La tactique de passer pour proche du peuple tout en rassurant le patronat est vieille à l’extrême droite. Johann Chapoutot a bien rappelé la manière avec laquelle Hitler faisait le tour des syndicats patronaux allemands pour présenter son programme économique, pour faciliter son arrivée au pouvoir. La même pirouette est reproduite par le RN aujourd’hui, et se retrouve normalisé par le haut, dans les cercles de pouvoir et d’influence.
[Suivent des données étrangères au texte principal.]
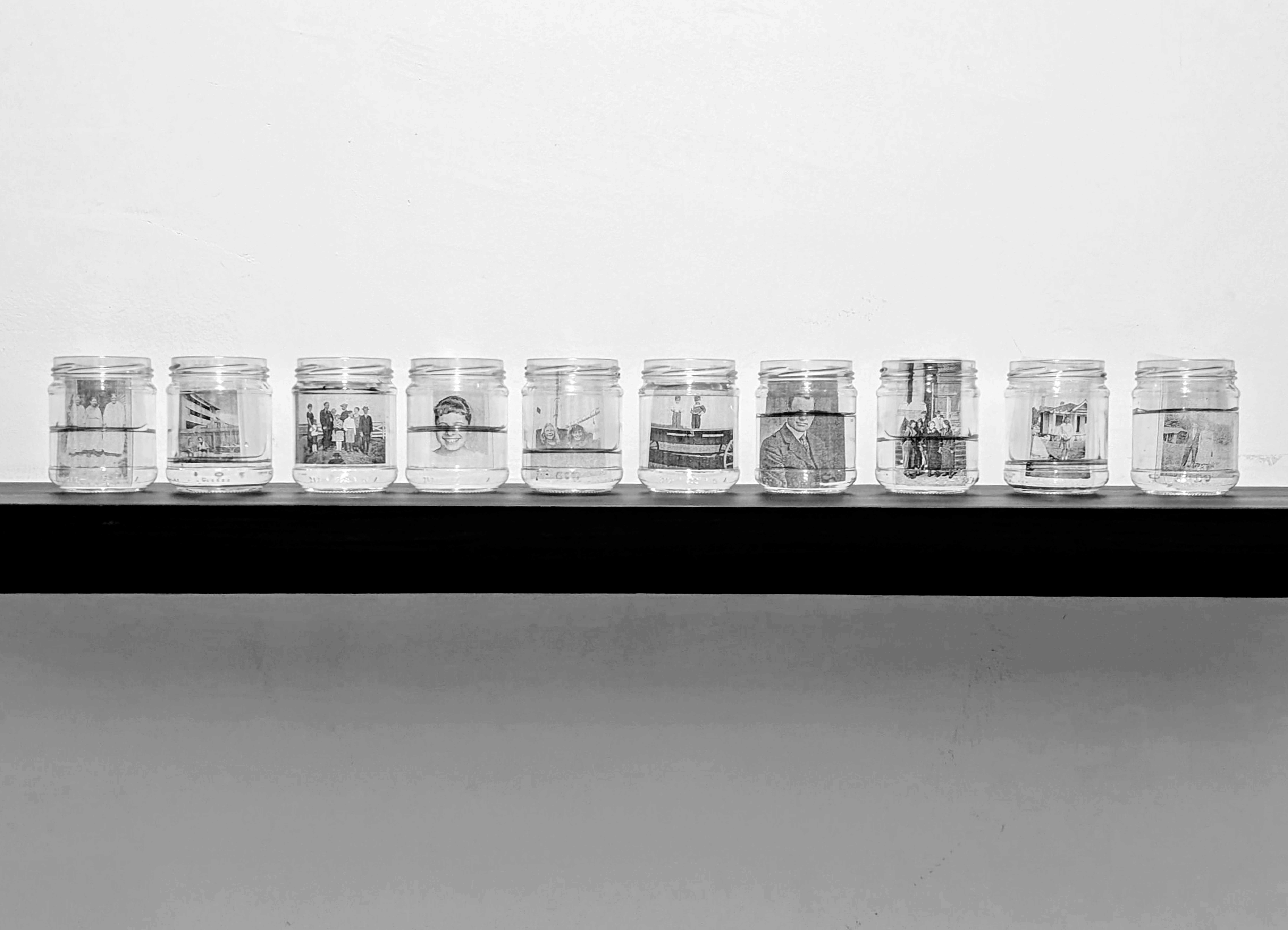 The work evokes the River Lethe as a symbol of oblivion: photographs of strangers submerged in water suggest the dissolution of identity and the fragility of memory.

Auprès d’un nombre croissant de grands patrons, le RN et son champion Bardella sont les plus à même de gérer la pénurie : le peuple continuera à se serrer la ceinture pour que les mêmes se gavent, dans un régime toujours plus raciste et autoritaire. D’autant que le FN/RN est historiquement ultra-libéral : qu’on pense à l’admiration de Jean-Marie Le Pen pour Ronald Reagan ou Margaret Thatcher.
Mais l’extrême droite n’a pas encore appris toutes ses leçons de ses maîtres. Comme à son habitude, le parti lepéniste, malgré un vent médiatique et sondagier en poupe, peine encore à trouver un prêteur pour financer sa campagne présidentielle (aussi du fait de l’incertitude sur la condamnation ou non en appel de Marine Le Pen sur l’affaire des assistants parlementaires). Les banques françaises se montrent frileuses. Et à l’étranger ? Un ambassadeur des États-Unis, émissaire de Trump a rencontré Le Pen et Bardella, et s’est montré peu enthousiaste quant à leur programme économique.
Le RN a encore des efforts à fournir vis-à-vis du patronat. Autrement dit, son programme n’est pas encore assez néolibéral, malgré les efforts déployés ces dernières années pour se « crédibiliser ». Et si, pour les capitalistes, le RN n’avait pas encore assez sacrifié, et devait fournir une nouvelle offrande ? Et si le grand patronat attendait du RN un candidat moins sulfureux qu’une Marine Le Pen pour porter ses intérêts ? En fin de compte, le dernier signal que Bardella devrait fournir pour devenir pour de bon la coqueluche du CAC 40 pourrait être de se débarrasser de Le Pen avant 2027.